Moebius, c'est de la Chris de ma marde(!). Pas besoin d'être oracle à Delphes pour le savoir. Ni de citer Delphes d'ailleurs. Ça intéresses-tu vraiment quelqu'un coup donc ? Ils dépendent de subventions, c'est normal, _vu moi_.

+ +

Ils le voient, en plus. C'est ça le plus Chris. C'est ça le Cynisme.

Ma foi, l'art a échoué ;-).

Scar tissue, qu'est-ce que c'est au juste ?

(note :)

Le CH, ça a beau être une marque, ça reste de la marde ! c'est une équipe de perdants. PERDANTS !

+ +

By the way, je me cherche quelque chose d'intéressant à faire sur le web. C'est fascinant, je trouve rien.

On vient de me dire que le café est prêt.

Ah ! Faudrait que je revienne et dire quelque chose.

+ +

Ce qui est cool, avec le Scar tissue, c'est qu'il se répare !

11 décembre 2009

0.1. « Le psychiatre y dit ».

Salut Maxime !

J'ai pris connaissance de ton e-mail, tantôt. Ben non, je montrerai pas trop de chose de toi. (est-ce que j'ai dit ça ?) Je serai même très poli. Il faudra en gros cependant que tu sois fin avec moi toi aussi. Il fallait que je dise gentil.

Je reviendrai une autre fois dire les pourquoi et les commenta; les tenants et les aboutissants de ton discours, mais je serai très poli, vraiment.

J'en tiens pour exemple cet e-mail que j'ai envoyé tantôt à l'agente d'enquête et d'analyse de l'UQAM qui a apparemment enquêté et analysé quelque chose d'autre que mon blogue et moi. Elle hallucinait, probablement.

Me trouves-tu trop paranoïaque ? ou, magique ? c'est vrai, probablement ! Il faudrait d'ailleurs que je sache pourquoi Vanasse (André) a dit que Christian était : MAGNIFIQUE ! MAGISTRAL ! FABULEUX ! sinon pour essayer de voir comment tu places ça de la pub sur un livre sans avoir l'air fou. En tout cas, pas trop.

Sinon, comment c'est aller voir : Le monde chez Garp ? Merde ! Tu m'as compris ! Qu'est-ce que je veux dire ? Qu'est-ce que tout cela signifie bordel de merde de putain de mes deux. Attends, je cite. « CHARMOUTA » (de Rawi Hage). Qu'est-ce que tu connais, toi, aux putes-guerrières ? Il me faudrait chercher plus en profondeur comment s'écrit le mot arabe.
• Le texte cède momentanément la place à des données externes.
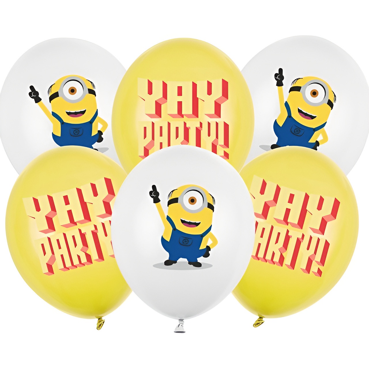 Strong Balloons Minions são balões impressos frente e verso com os populares personagens Minions e a mensagem "Yay Party!" em cores pastel. Cada balão tem 30 cm de diâmetro quando inflado, com um design alegre em tons branco e amarelo mel que traz diversão a qualquer celebração infantil. Ideais para decorar aniversários, compor centros de mesa e dar um toque divertido e reconhecível aos cantinhos da festa.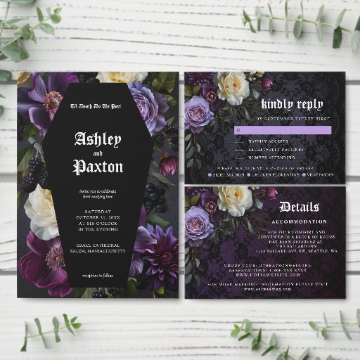 Moody Elegant Purple Gothic Garden Floral Crow Invitation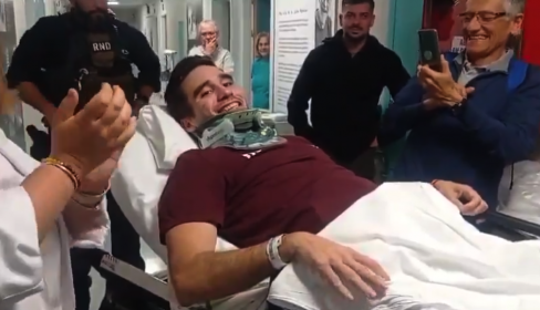 Ha recibido el alta hospitalaria y esta es la emotiva despedida de los sanitarios del @HospitalUVRocio.
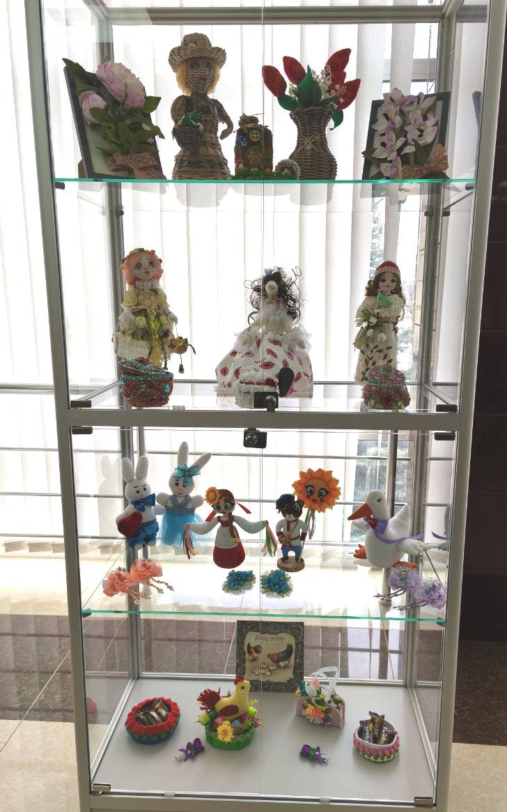 На выставке представлены тематические работы двадцати мастеров клуба в следующих техниках : бумажная лоза, народная кукла, ватная игрушка, мешковина и шпагат, декупаж, вязаная игрушка, вязание амигуруми, алмазная мозаика, вышивка бисером, вышивка лентами, вышивка крестом, канзаши, фом-флористика, грунтованный текстиль, сухое валяние, фетровая игрушка, интерьерная кукла.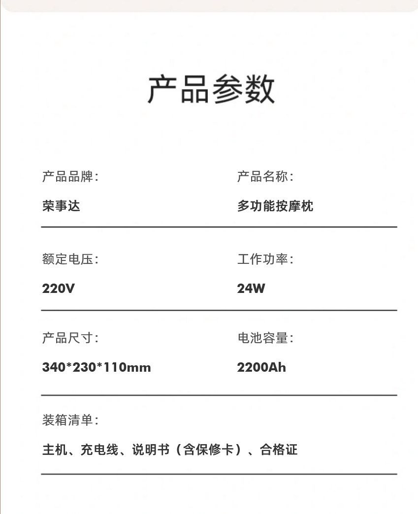 商品名称:荣事达颈椎按摩器仪肩颈部按摩颈枕腰部背部靠枕全身多功能自动揉捏脖子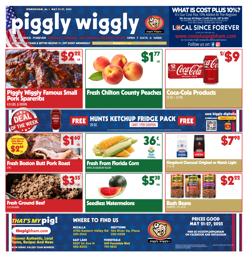 Get ready to savely biggly this Memorial Day week at Piggly Wiggly! From May 21 through May 27, 2025, shop unbeatable deals at our Cost Plus locations in East Lake, Forestdale, Hueytown, and McCalla. Whether you’re stocking up for cookouts or everyday meals, our stores are full of fresh, flavorful savings just in time for the holiday!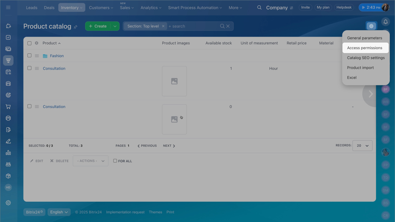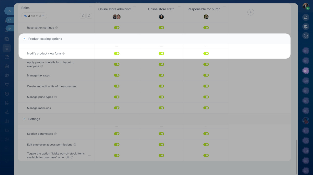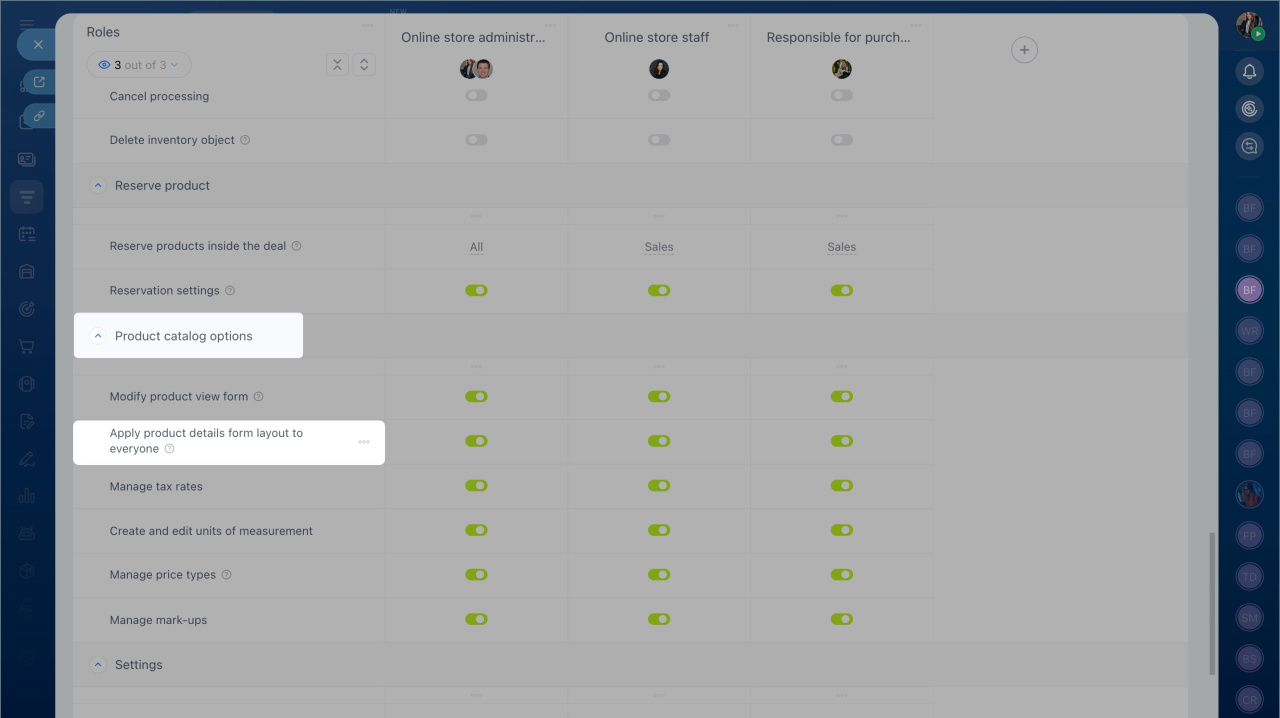 You can also grant the Apply product details form layout to everyone access permission to the head of the department to set up the necessary fields. Other employees could not accidentally delete them or change the form.

PLUS TARD !

Il faut que je te laisse pour aller écrire sur le Plateau Mont-Royal, scuse; je voulais dire, pour aller, je, faire mon tribut à Mistral. (Tu l'as compris ? Tribue, tribut ? Ah ! ah !) Sur le Plateau, je, Ah ah ! C'est pompier hein ?
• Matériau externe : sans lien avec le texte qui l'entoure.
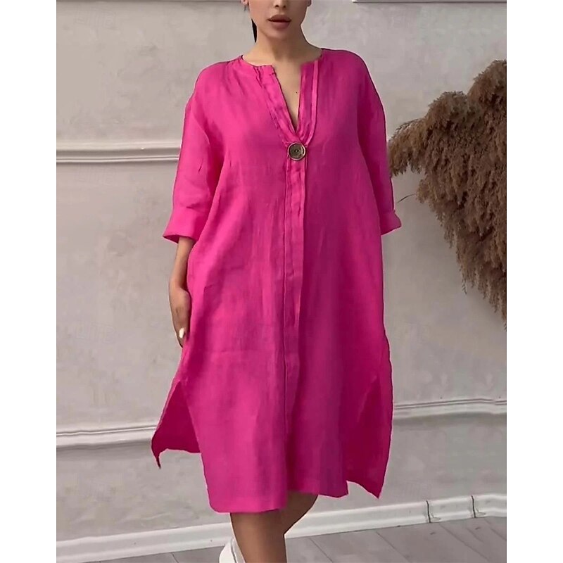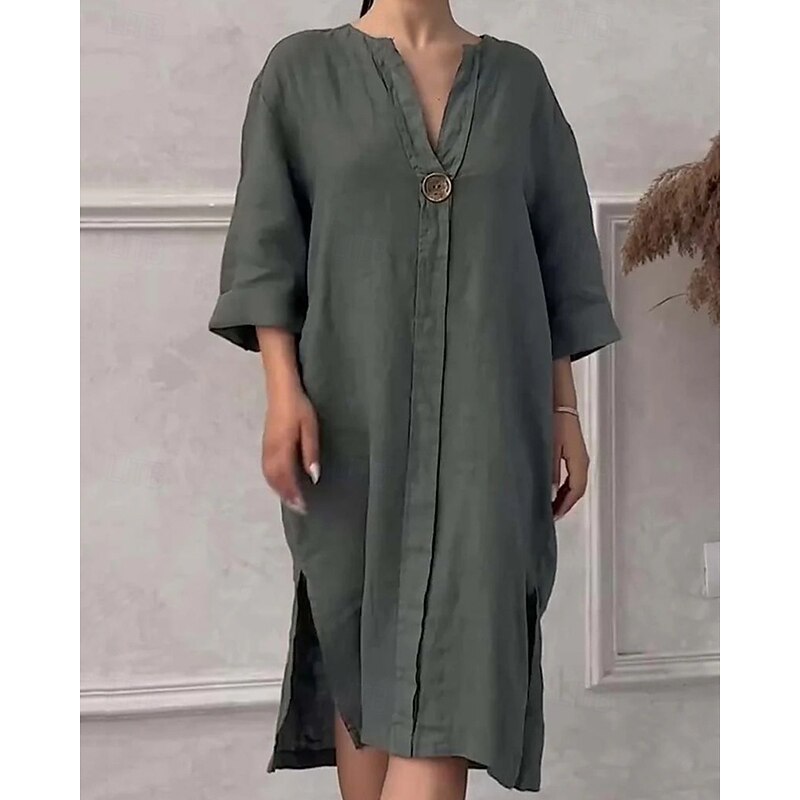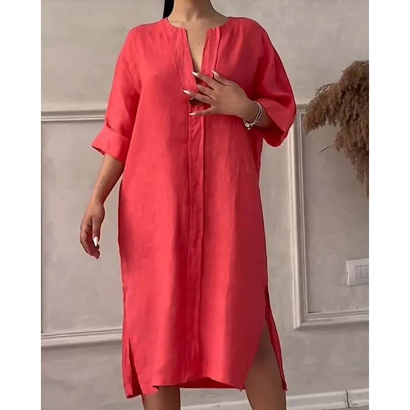 More information about Women's Long Dress Maxi Dress Linen-Inspired Dresses Casual Dress Stylish Casual Vacation Daily Date Regular Fit Plain Long Sleeve V Neck Black Light Green Pink Red Summer Spring

Le vrai message viendra plus tard. J'ai toute la vie devant moi de toute façon. Il me faut exister !

Je vais vraiment y aller là. Sinon, je vais me ramasser avec mon image au Quatrième étage du Pavillon Judith-Jasmin; avec ma photo dans un cadre et des fleurs en-dessous. Par celui-là même qui m'a accusé. Ce serait presque un sarcasme.

Je te laisse ! Le Soleil se lève !

+ +

Le psychiatre y dit

à : Lucie Latendresse (latendresse.lucie@uqam.ca), est-ce que j'ai bien compris ? Dans mes conditions, j'ai le droit de faire un autre Ilôt Voyageur ? Un autre Péloponèse ?

Est-ce que tous mes amis peuvent t'écrire, Lucy ? « Scar tissue that I wish you saw, Sarcastic mister knew it all ».

Texte (Le psychiatre y dit): que c'est à vous de le rejoindre pour lui donner ce que vous voulez lui donner. Contactez-moi par e-mail ou faxez-lui quelque chose.

Dr. André Monette psychiatre judidiaire à l'CSSS du Suroît.

Vous, avec toutes mes malédictions,

(« quand je demande à dieu quelque chose pour moi il me le réalise ! » Un junkie du Centre-Sud.) Il est pas trop tard pour vous excuser et reconnaître votre erreur, vous savez ? Il faudra le faire; tôt ou tard, il faudra le faire. C'est l'image de l'art, qui donne à voir !

By the way, le spychiatre qui vous connaît probablement plus que moi d'ailleurs, pour fréquenter des gens comme vous chaque jours; sauf lorsqu'il est en vacances, et encore...

Pourrait être très très fâché. Il l'a d'ailleurs été, déjà. Je vous averti, « je suis d'une race solaire »!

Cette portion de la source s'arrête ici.